NectarGAN API - UNet
The NectarGAN API includes a modular, configurable UNet-style generator model.
UNet Model
Reference:
nectargan.models.unet.model
Initializing a UnetGenerator
We'll start by having a look at the UnetGenerator. Looking at it's __init__ function, we can see that it takes the following arguments:
| Arguments | Description |
| :---: | --- |
input_size | The intended input resolution (^2) for the generator. This is used for validation of training image resolution against downsampling layer count.
in_channels | The number of channels in the input dataset images (i.e. 1 for mono, 3 for RGB). Currently, 3 is the only known supported value. Though technically, that's not actually true of the generator model. It should work with other values. The dataset loader will not in its current state, however.
features | The number of features on the first downsampling layer. Feature count for any given conv layer is capped at features * 8.
n_downs | The number of downsampling layers (Note: This value does not include the first layer or the bottleneck. This will be explained in greater detail below.).
use_dropout_layers | The number of upsampling layers (starting from the deepest layer) to apply dropout on.
block_type | What block type to use when assembling the generator model (see here for more info).
upconv_type | What upsampling method to use:
- Transposed : Transposed convolution.
- Bilinear : Bilinear upsampling, then convolution.
Transposed convolution is the upsampling method traditionally used in the Pix2pix model. However, bilinear upsampling + convolution can help to eliminate the checkboard artifacting which is commonly seen in these models. See here for more info.
So then, with these arguments in mind, a UnetGenerator can be instantiated as follows:
from nectargan.models.unet.model import UnetGenerator
from nectargan.models.unet.blocks import UnetBlock
generator = UnetGenerator(
input_size=256, # Train on 256^2 resolution images
in_channels=3, # with 3 channels: (R, G, B)
features=64, # 64 output features on first down layer (with a cap of 512)
n_downs=6, # 6 downsampling layers (+1 for initial, +1 for bottleneck)

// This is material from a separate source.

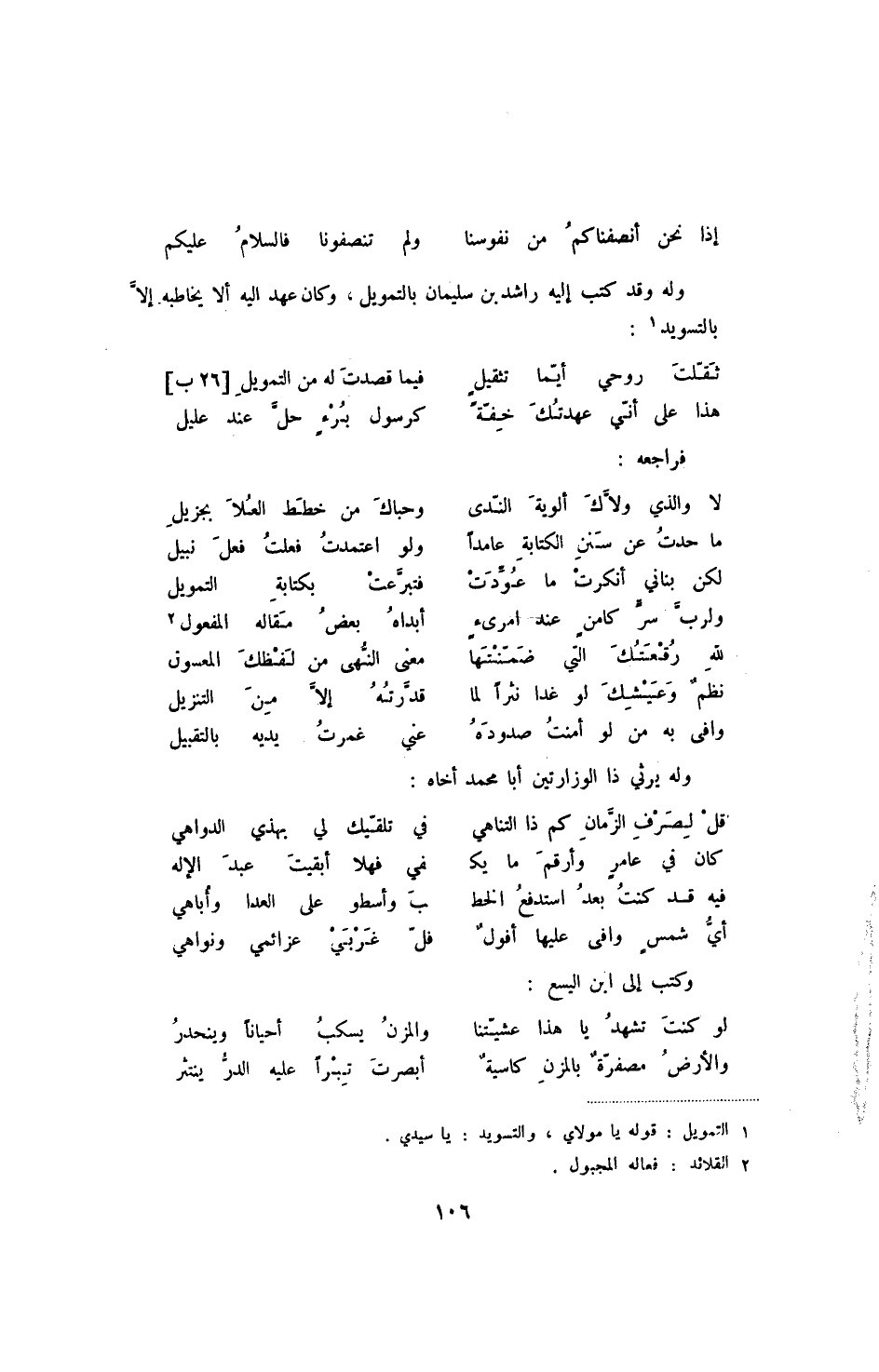 وله وقد كتب إليه راشد بن سليمان بالتمويل، وكان عهد اليه ألا يخاطبه إلا بالتسويد:

block_type=UnetBlock, # Or ResidualUnetBlock
upconv_type='Transposed' # Or 'Bilinear'
)
UNet Architecture
Let's quickly go over how the UNet architecture actually works, so that we can better understand how it's implemented in the UnetGenerator. This will be a relatively brief explanation, and it will have some prerequisite knowledge, so if you are totally unfamiliar with UNet, I first encourage you to check out the resources below. If you already have a good understanding of the UNet architecture, feel free to skip this section and move on to the NectarGAN implementation.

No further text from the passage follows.